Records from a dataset
Start of Block
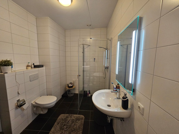 * Complete badkamer met wandcloset, inloopdouche met douchewand en wastafel met spiegel
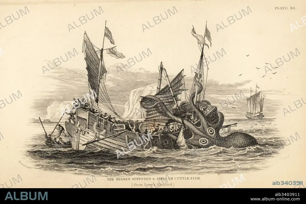 Kraken or giant cuttlefish attacking a fishing boat off the coast of Angola. After a description by Pierre Denys de Montfort in his Natural History of the Mollusca. Probably a giant squid, Architeuthis species. Steel engraving by W.H. Lizars after an illustration by James Stewart from Robert Hamilton's Amphibious Carnivora, part of Sir William Jardine's Naturalist's Library: Mammalia, Edinburgh, 1839.
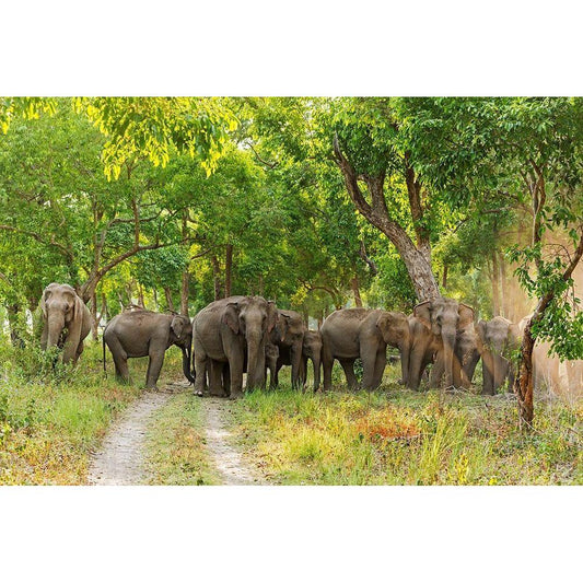 Herd of Asian Elephants in the Sal Forest Corbett National Park-India White Modern Wood Framed Art Print by Rajput, Jagdeep
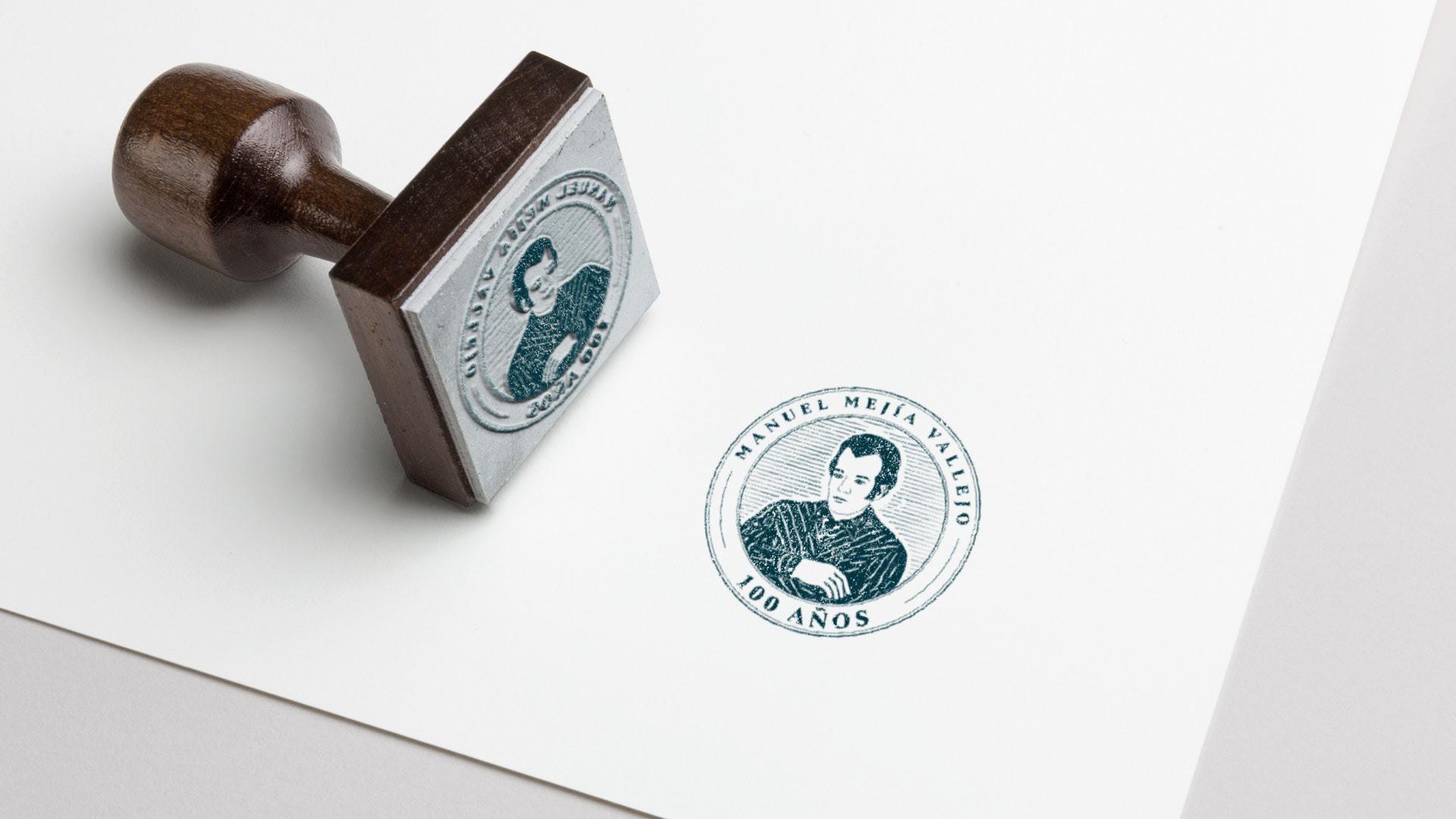 Creación del sello para el centenario del escritor antioqueño Manuel Mejía Vallejo. El resultado es una pieza gráfica con significado especifico y cumple como objeto de identificación.
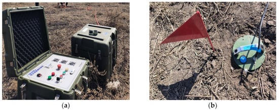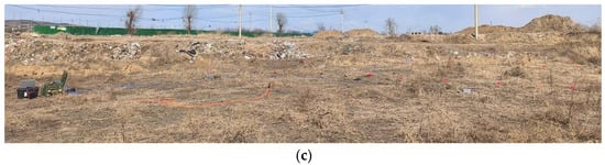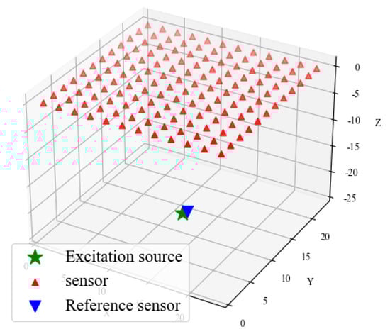 To verify the effectiveness of the proposed algorithm, real data are collected for calculation, and the following experiments are designed for validation. Take any point on the ground surface as the origin, and set the direction perpendicular to the ground as the z-axis direction. Use tools to measure a test area measuring 24 m long and 24 m wide. Then, deploy a seismic sensor array consisting of a square array formed by 144 sensors in total, as shown in Figure 6. Designate the coordinates of the seismic source at position (−0.87, 0.45, −24); additionally, deploy the position at (−0.51, −0.35, −24.31) for measuring vibration signals. Connect an electric spark seismic source device and initiate the explosion. After the explosion, observe the reception of signals to ensure normal signal reception by the sensors. The experimental layout is shown in Figure 6 and Figure 7.
End of Block
§ PROBLEM REQUIREMENTS
What you need to produce is an exact copy of the entries above, limited to the lines from the one with "Herd of Asian" up to and including the one with "Creación del sello", without pictures.

§ OUTPUT
 Herd of Asian Elephants in the Sal Forest Corbett National Park-India White Modern Wood Framed Art Print by Rajput, Jagdeep
 Creación del sello para el centenario del escritor antioqueño Manuel Mejía Vallejo. El resultado es una pieza gráfica con significado especifico y cumple como objeto de identificación.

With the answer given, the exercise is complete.